Here’s an example of the output (I loop through all the items and print a Zig string and a C string):

zig-cache >>> zig-cachebuild.zig.gitmodules.gitignore
build.zig >>> build.zig.gitmodules.gitignore
.gitmodules >>> .gitmodules.gitignore
libs >>> libs.gitsrc
zig-out >>> zig-out
.gitignore >>> .gitignore
.git >>> .gitsrc
src >>> src

I’m pretty sure this is my lack of understanding of memory management, so I would be very grateful if someone could point out my mistakes (or at least nudge me in the direction :slight_smile: ).

1 Like

The problem here is that C-strings are null-terminated.
Instead of using a length, many C functions just read the memory until one of the bytes is '\x00' and take that as the end of the string.

Zig provides functions for that kind of stuff. You can for example use allocator.dupeZ which returns a [:0] u8.
Note that you also need to store it as [:0]u8 or [:0]const u8. If you don’t do it then functions like allocator.free will not know that there is an extra byte in the allocation, and freeing the memory will cause undefined behavior.
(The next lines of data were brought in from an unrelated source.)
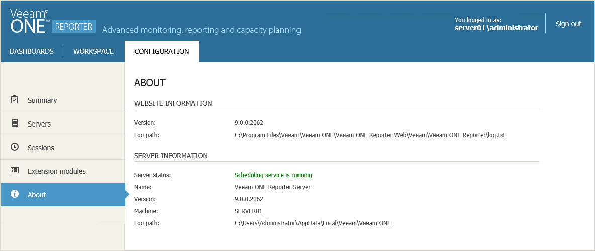 - Website information section displays the current version of the product and the location of the log files for the Veeam ONE Reporter Web UI.
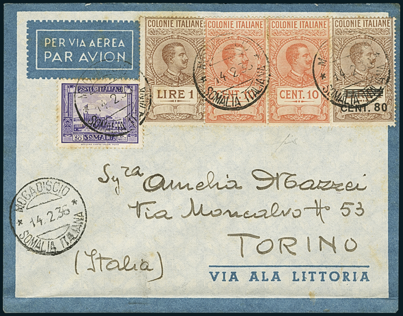 Fiscali Usati per Posta. 1936/37, quattro buste per l’Italia e una cartolina per l’interno affrancate con valori fiscali delle Colonie, un paio tassate. Ottima qualità, raro insieme, da esaminare.
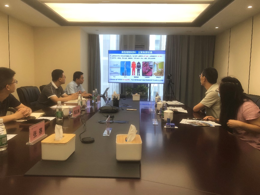 郑州中科新兴产业技术研究院高红帅研究员首先带领大家参观了研究院的科技成果展厅和研发实验室,并就研究院的基本建设情况和在新能源、新材料、绿色技术、生命健康、节能环保等领域开展的技术研发、成果转化、人才培育和企业孵化等情况进行了简要介绍。在随后的洽谈交流会上,高红帅重点就研究院在离子液体法制备蜜胺阻燃纤维的研发现状和产业化情况进行了详细介绍,焦明立也就今年会目前的科研情况、人才培养现状、和毕业生就业情况等进行了介绍,与会各方进行了充分沟通交流。
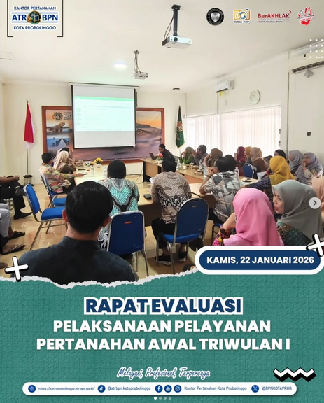 Pada hari ini Kamis, 22 Januari 2026 Kantor Pertanahan Kota Probolinggo melaksanakan rapat evaluasi pelaksanaan pelayanan pertanahan pada awal triwulan I yang bertempat di Aula Kantor Pertanahan Kota Probolinggo.
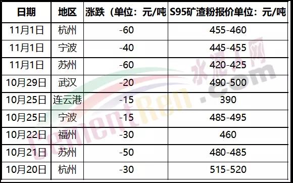 據(jù)水泥人網(wǎng)了解,受鋼價下調帶動,近日長江沿線及周邊區(qū)域S95礦渣粉報價跟降,相關數(shù)據(jù)顯示,自10月下旬以來,江蘇蘇州兩次下調礦渣粉價格,累計下調110元/噸;浙江杭州礦渣粉兩次下調報價,累計下調90元/噸,寧波兩次下調55元/噸。
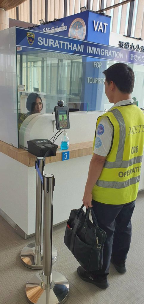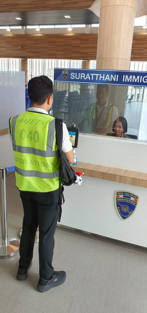 วันที่ 4 พ.ค.68 ร.ต.อ.หญิง อลิตสรา วงษ์แก้ว รอง สว.ตม.จว.สุราษฎร์ธานี พร้อมด้วยเจ้าหน้าที่ ตม.จว.สุราษฎร์ธานี (ทอ.สุราษฎร์ธานี) ปฏิบัติหน้าที่ตรวจบุคคลและพาหนะทางอากาศ, Overstay, Visa on arrival พร้อมดูแล ช่วยเหลือ อำนวยความสะดวกและความเรียบร้อยในแถวระหว่างรอเข้าใช้บริการให้กับผู้โดยสารที่เดินทางเข้า-ออก ทางอากาศในเขตพื้นที่รับผิดชอบประจำสนามบินสุราษฎร์ธานี อ.พุนพิน จว.สุราษฎร์ธานี
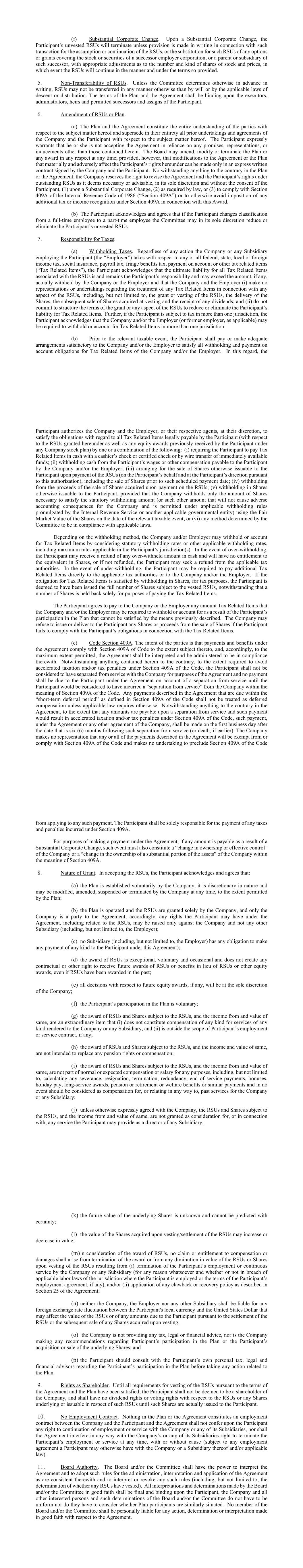 (f) Substantial Corporate Change. Upon a Substantial Corporate Change, the Participant’s unvested RSUs will terminate unless provision is made in writing in connection with such transaction for the assumption or continuation of the RSUs, or the substitution for such RSUs of any options or grants covering the stock or securities of a successor employer corporation, or a parent or subsidiary of such successor, with appropriate adjustments as to the number and kind of shares of stock and prices, in which event the RSUs will continue in the manner and under the terms so provided. 5. Non-Transferability of RSUs. Unless the Committee determines otherwise in advance in writing, RSUs may not be transferred in any manner otherwise than by will or by the applicable laws of descent or distribution. The terms of the Plan and the Agreement shall be binding upon the executors, administrators, heirs and permitted successors and assigns of the Participant. 6. Amendment of RSUs or Plan. (a) The Plan and the Agreement constitute the entire understanding of the parties with respect to the subject matter hereof and supersede in their entirety all prior undertakings and agreements of the Company and the Participant with respect to the subject matter hereof. The Participant expressly warrants that he or she is not accepting the Agreement in reliance on any promises, representations, or inducements other than those contained herein. The Board may amend, modify or terminate the Plan or any award in any respect at any time; provided, however, that modifications to the Agreement or the Plan that materially and adversely affect the Participant’s rights hereunder can be made only in an express written contract signed by the Company and the Participant. Notwithstanding anything to the contrary in the Plan or the Agreement, the Company reserves the right to revise the Agreement and the Participant’s rights under outstanding RSUs as it deems necessary or advisable, in its sole discretion and without the consent of the Participant, (1) upon a Substantial Corporate Change, (2) as required by law, or (3) to comply with Section 409A of the Internal Revenue Code of 1986 (“Section 409A”) or to otherwise avoid imposition of any additional tax or income recognition under Section 409A in connection with this Award. (b) The Participant acknowledges and agrees that if the Participant changes classification from a full-time employee to a part-time employee the Committee may in its sole discretion reduce or eliminate the Participant’s unvested RSUs. 7. Responsibility for Taxes. (a) Withholding Taxes. Regardless of any action the Company or any Subsidiary employing the Participant (the “Employer”) takes with respect to any or all federal, state, local or foreign income tax, social insurance, payroll tax, fringe benefits tax, payment on account or other tax related items (“Tax Related Items”), the Participant acknowledges that the ultimate liability for all Tax Related Items associated with the RSUs is and remains the Participant’s responsibility and may exceed the amount, if any, actually withheld by the Company or the Employer and that the Company and the Employer (i) make no representations or undertakings regarding the treatment of any Tax Related Items in connection with any aspect of the RSUs, including, but not limited to, the grant or vesting of the RSUs, the delivery of the Shares, the subsequent sale of Shares acquired at vesting and the receipt of any dividends; and (ii) do not commit to structure the terms of the grant or any aspect of the RSUs to reduce or eliminate the Participant’s liability for Tax Related Items. Further, if the Participant is subject to tax in more than one jurisdiction, the Participant acknowledges that the Company and/or the Employer (or former employer, as applicable) may be required to withhold or account for Tax Related Items in more than one jurisdiction. (b) Prior to the relevant taxable event, the Participant shall pay or make adequate arrangements satisfactory to the Company and/or the Employer to satisfy all withholding and payment on account obligations for Tax Related Items of the Company and/or the Employer. In this regard, the Participant authorizes the Company and the Employer, or their respective agents, at their discretion, to satisfy the obligations with regard to all Tax Related Items legally payable by the Participant (with respect to the RSUs granted hereunder as well as any equity awards previously received by the Participant under any Company stock plan) by one or a combination of the following: (i) requiring the Participant to pay Tax Related Items in cash with a cashier’s check or certified check or by wire transfer of immediately available funds; (ii) withholding cash from the Participant’s wages or other compensation payable to the Participant by the Company and/or the Employer; (iii) arranging for the sale of Shares otherwise issuable to the Participant upon payment of the RSUs (on the Participant’s behalf and at the Participant’s direction pursuant to this authorization), including the sale of Shares prior to such scheduled payment date; (iv) withholding from the proceeds of the sale of Shares acquired upon payment on the RSUs; (v) withholding in Shares otherwise issuable to the Participant, provided that the Company withholds only the amount of Shares necessary to satisfy the statutory withholding amount (or such other amount that will not cause adverse accounting consequences for the Company and is permitted under applicable withholding rules promulgated by the Internal Revenue Service or another applicable governmental entity) using the Fair Market Value of the Shares on the date of the relevant taxable event; or (vi) any method determined by the Committee to be in compliance with applicable laws. Depending on the withholding method, the Company and/or Employer may withhold or account for Tax Related Items by considering statutory withh
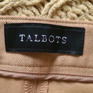 Talbots Tan Equestrian-themed Dalton Pants w/ Faux-Suede Patch - Size 16
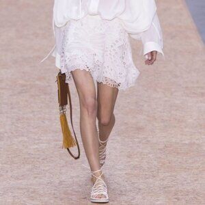 Chloé White Linen Blend Butterfly Lace Mini Skirt
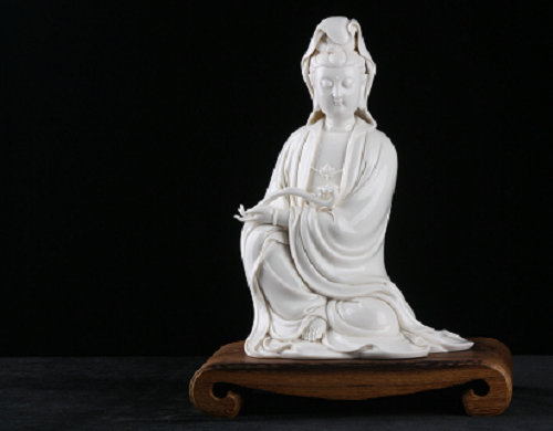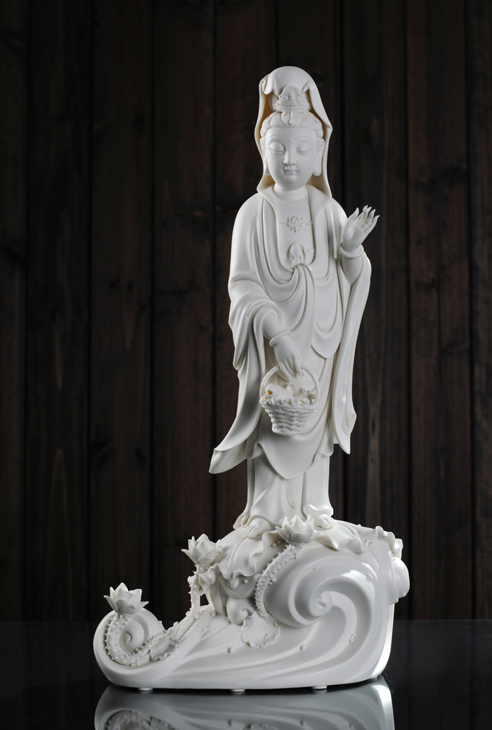 此尊觀音像高47厘米,底長(zhǎng)24厘米,寬16厘米,頭髻發(fā)束,面容慈祥,寬袖衣裙、手提竹籃、腳踏鰲背,釉面光潤(rùn)明亮,胎質(zhì)致密透光,雕塑精細(xì),采用堆花、貼花、鏤空、刻畫等多種工藝,使觀音衣褶裙帶線條流暢、洗練,形象栩栩如生。
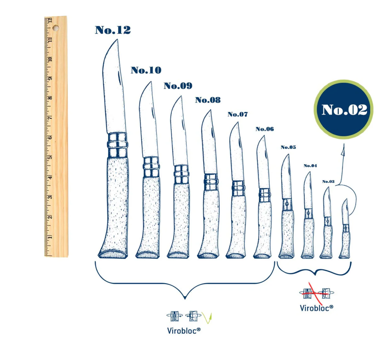 The No.02 is one of our smallest folding knives and does not feature the Virobloc safety ring. The No.02 is used as an every day carry for many people. It comes in a variety of colors and is available with, or without a keychain which makes the knife very convenient!
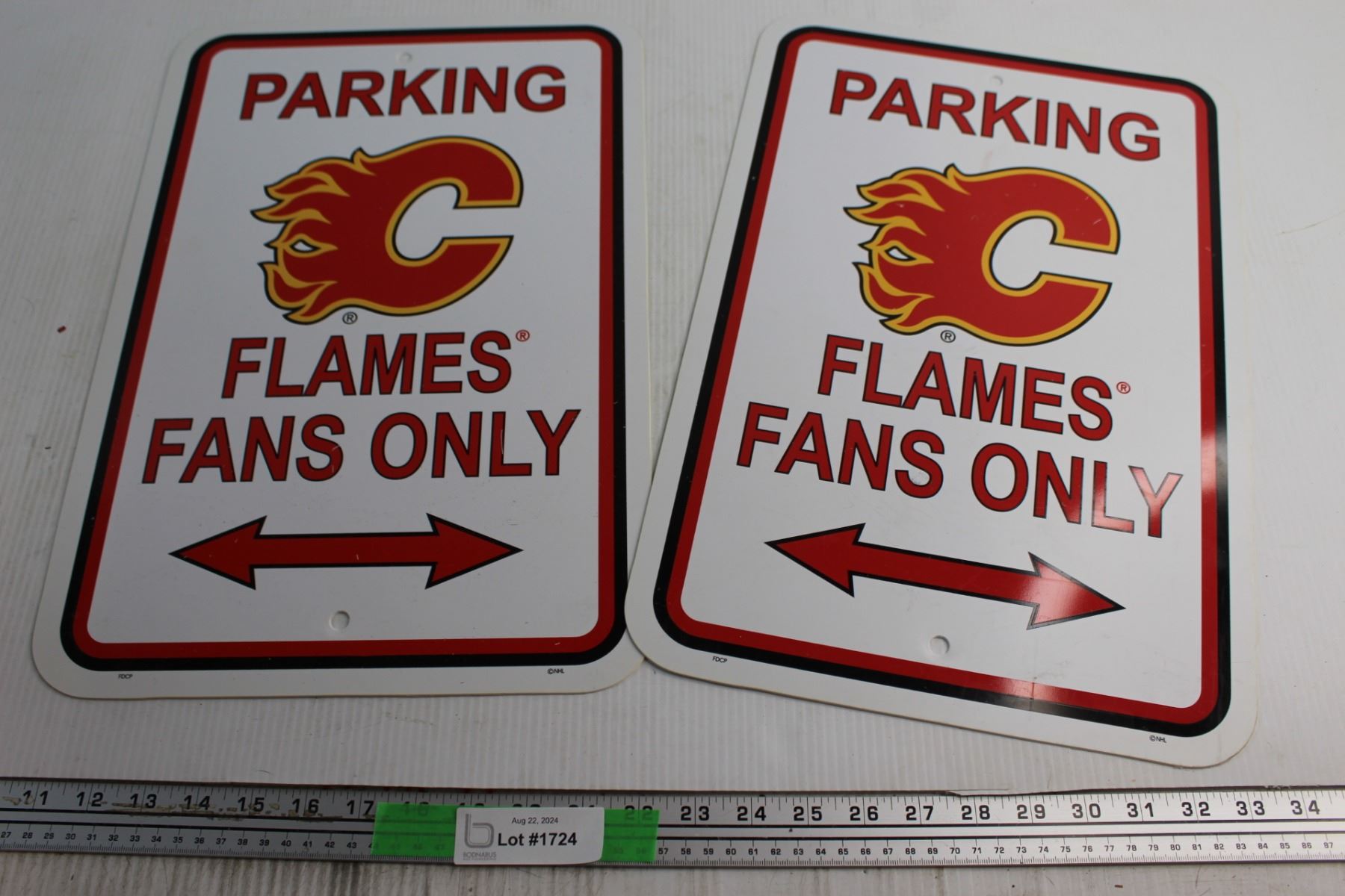 (2) Calgary Flames Parking Signs 18'' x 12'

You can then extract the raw pointer like this:

const c_str: [*:0]const u8 = item.name.ptr;

Note that I used [*:0]const u8 here because it adds more type-safety than [*c]const u8(which can basically mean anything).

3 Likes

Thank you so much @IntegratedQuantum !

After your explanation now it’s pretty obvious. Since I’m going to use the name in a bunch of C functions anyway, I might as well store it as [:0] const u8 and use allocator.dupeZ to copy data into it.

Now it all works. And I’ve also learned that it’s better to use specific types than [*c].
:pray:

3 Likes